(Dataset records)
______

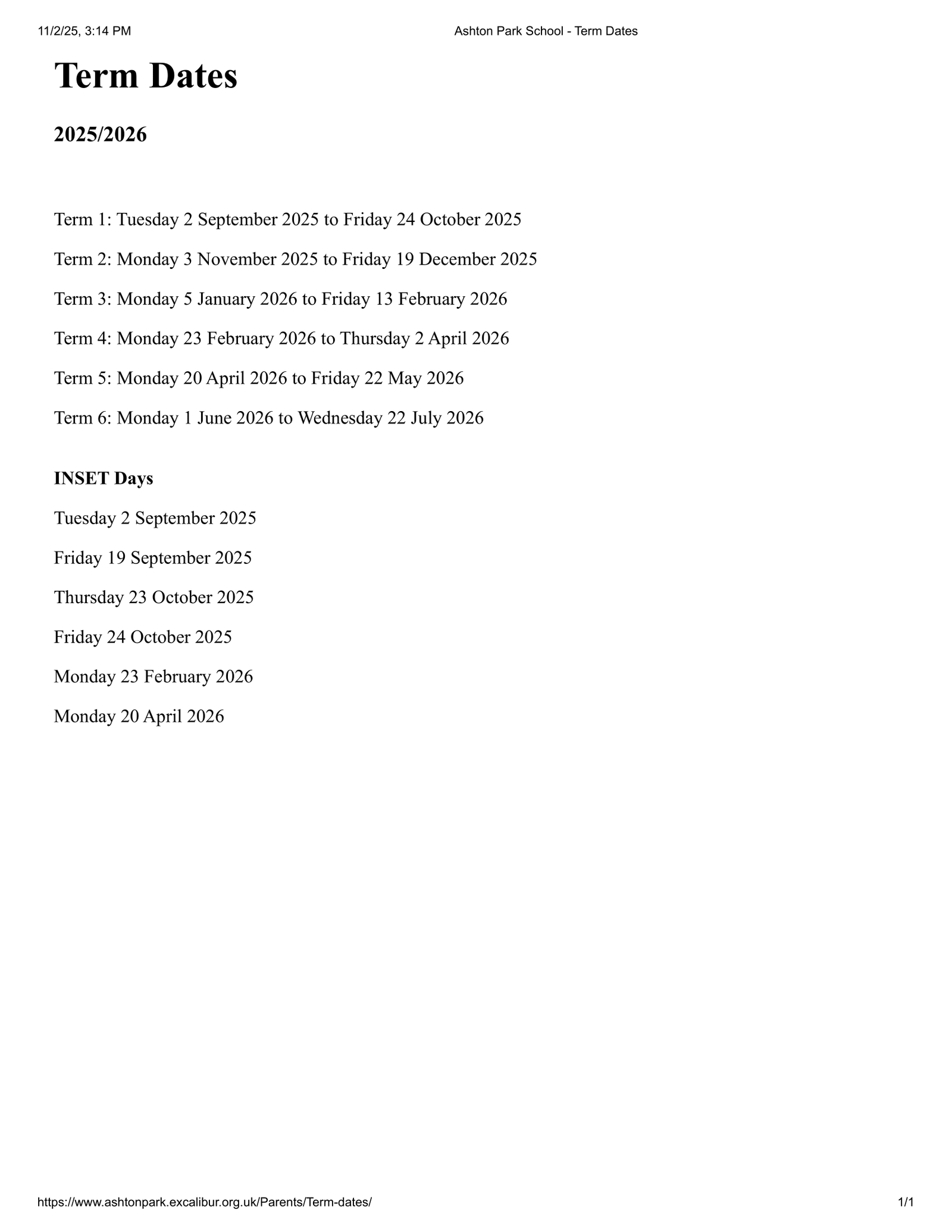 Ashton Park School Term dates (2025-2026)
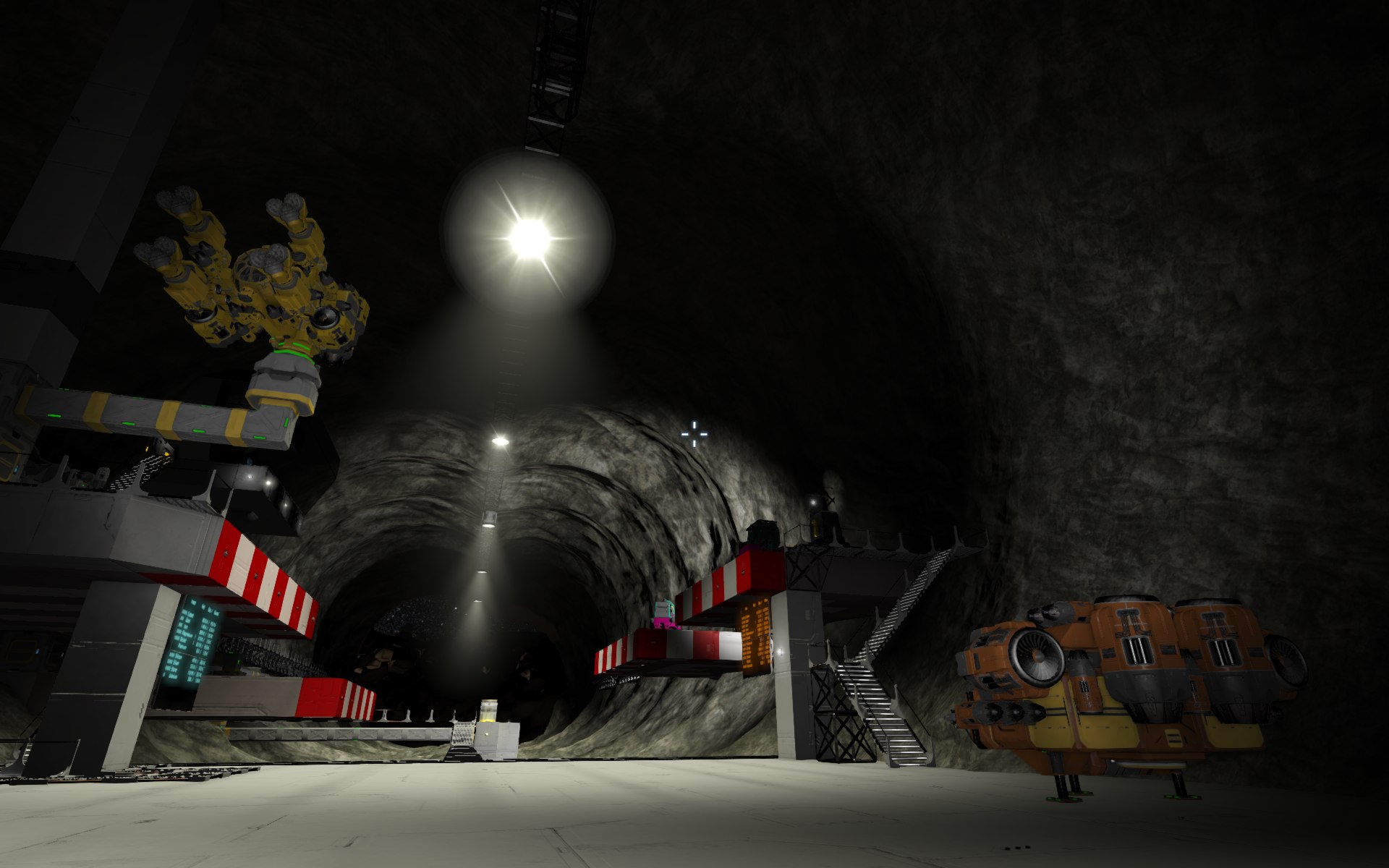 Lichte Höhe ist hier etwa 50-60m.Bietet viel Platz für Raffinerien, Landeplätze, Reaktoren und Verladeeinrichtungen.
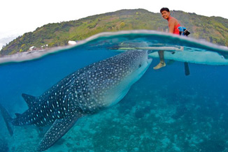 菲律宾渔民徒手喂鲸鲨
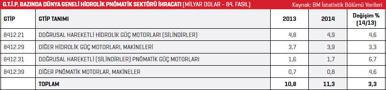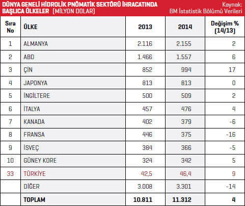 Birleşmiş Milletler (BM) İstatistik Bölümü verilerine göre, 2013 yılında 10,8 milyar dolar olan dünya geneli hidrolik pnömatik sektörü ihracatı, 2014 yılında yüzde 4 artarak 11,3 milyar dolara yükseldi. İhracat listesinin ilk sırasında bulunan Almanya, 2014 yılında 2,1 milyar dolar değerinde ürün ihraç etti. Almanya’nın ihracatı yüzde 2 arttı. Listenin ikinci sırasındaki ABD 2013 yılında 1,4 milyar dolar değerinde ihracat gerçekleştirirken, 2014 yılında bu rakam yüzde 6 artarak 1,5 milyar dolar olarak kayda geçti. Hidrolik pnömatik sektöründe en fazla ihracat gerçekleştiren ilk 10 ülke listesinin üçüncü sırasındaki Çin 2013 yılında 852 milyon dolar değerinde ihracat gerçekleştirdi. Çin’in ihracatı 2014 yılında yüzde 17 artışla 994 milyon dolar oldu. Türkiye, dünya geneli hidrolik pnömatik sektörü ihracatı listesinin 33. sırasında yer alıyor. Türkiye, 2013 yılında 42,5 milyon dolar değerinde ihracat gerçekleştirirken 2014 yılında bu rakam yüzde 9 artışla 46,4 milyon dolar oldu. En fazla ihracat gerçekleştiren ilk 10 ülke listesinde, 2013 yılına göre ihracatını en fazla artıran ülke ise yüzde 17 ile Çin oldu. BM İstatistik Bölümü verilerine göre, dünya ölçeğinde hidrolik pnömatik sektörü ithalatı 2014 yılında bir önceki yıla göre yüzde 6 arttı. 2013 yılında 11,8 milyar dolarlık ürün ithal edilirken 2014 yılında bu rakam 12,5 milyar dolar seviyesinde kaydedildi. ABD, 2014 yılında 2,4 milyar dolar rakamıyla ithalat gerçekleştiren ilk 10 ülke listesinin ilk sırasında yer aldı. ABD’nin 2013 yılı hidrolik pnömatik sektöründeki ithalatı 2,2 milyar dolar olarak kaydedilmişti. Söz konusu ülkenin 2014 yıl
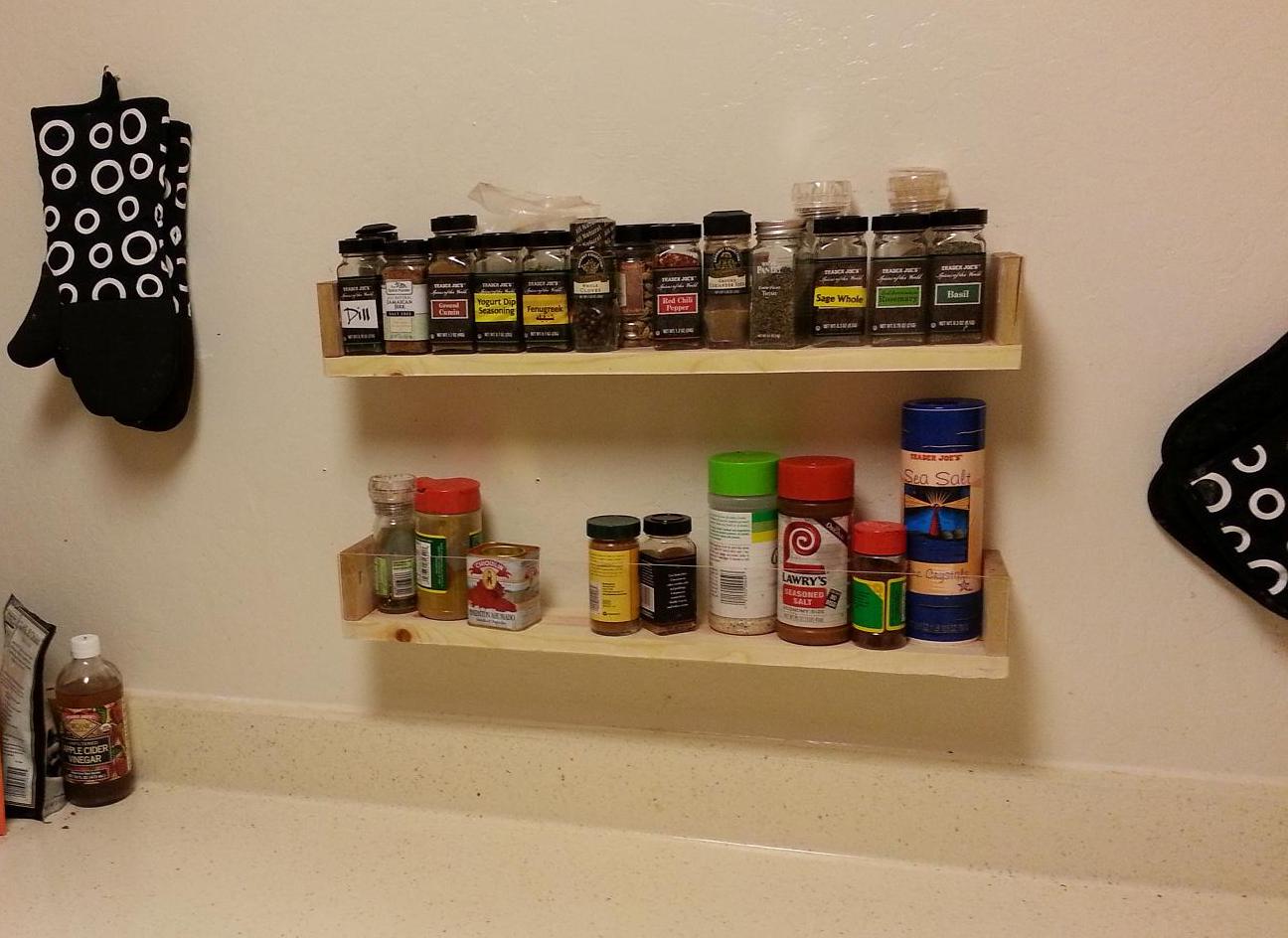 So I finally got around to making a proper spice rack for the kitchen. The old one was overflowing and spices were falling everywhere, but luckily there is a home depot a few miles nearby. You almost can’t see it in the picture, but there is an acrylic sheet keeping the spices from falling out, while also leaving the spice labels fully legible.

______

(Problem to work on) An exact copy of the lines above from the one with "Lichte Höhe ist" up to and including the one with "Birleşmiş Milletler (BM)" is required; reproduce only those lines, omitting all pictures.

(Task output)
 Lichte Höhe ist hier etwa 50-60m.Bietet viel Platz für Raffinerien, Landeplätze, Reaktoren und Verladeeinrichtungen.
 菲律宾渔民徒手喂鲸鲨
 Birleşmiş Milletler (BM) İstatistik Bölümü verilerine göre, 2013 yılında 10,8 milyar dolar olan dünya geneli hidrolik pnömatik sektörü ihracatı, 2014 yılında yüzde 4 artarak 11,3 milyar dolara yükseldi. İhracat listesinin ilk sırasında bulunan Almanya, 2014 yılında 2,1 milyar dolar değerinde ürün ihraç etti. Almanya’nın ihracatı yüzde 2 arttı. Listenin ikinci sırasındaki ABD 2013 yılında 1,4 milyar dolar değerinde ihracat gerçekleştirirken, 2014 yılında bu rakam yüzde 6 artarak 1,5 milyar dolar olarak kayda geçti. Hidrolik pnömatik sektöründe en fazla ihracat gerçekleştiren ilk 10 ülke listesinin üçüncü sırasındaki Çin 2013 yılında 852 milyon dolar değerinde ihracat gerçekleştirdi. Çin’in ihracatı 2014 yılında yüzde 17 artışla 994 milyon dolar oldu. Türkiye, dünya geneli hidrolik pnömatik sektörü ihracatı listesinin 33. sırasında yer alıyor. Türkiye, 2013 yılında 42,5 milyon dolar değerinde ihracat gerçekleştirirken 2014 yılında bu rakam yüzde 9 artışla 46,4 milyon dolar oldu. En fazla ihracat gerçekleştiren ilk 10 ülke listesinde, 2013 yılına göre ihracatını en fazla artıran ülke ise yüzde 17 ile Çin oldu. BM İstatistik Bölümü verilerine göre, dünya ölçeğinde hidrolik pnömatik sektörü ithalatı 2014 yılında bir önceki yıla göre yüzde 6 arttı. 2013 yılında 11,8 milyar dolarlık ürün ithal edilirken 2014 yılında bu rakam 12,5 milyar dolar seviyesinde kaydedildi. ABD, 2014 yılında 2,4 milyar dolar rakamıyla ithalat gerçekleştiren ilk 10 ülke listesinin ilk sırasında yer aldı. ABD’nin 2013 yılı hidrolik pnömatik sektöründeki ithalatı 2,2 milyar dolar olarak kaydedilmişti. Söz konusu ülkenin 2014 yıl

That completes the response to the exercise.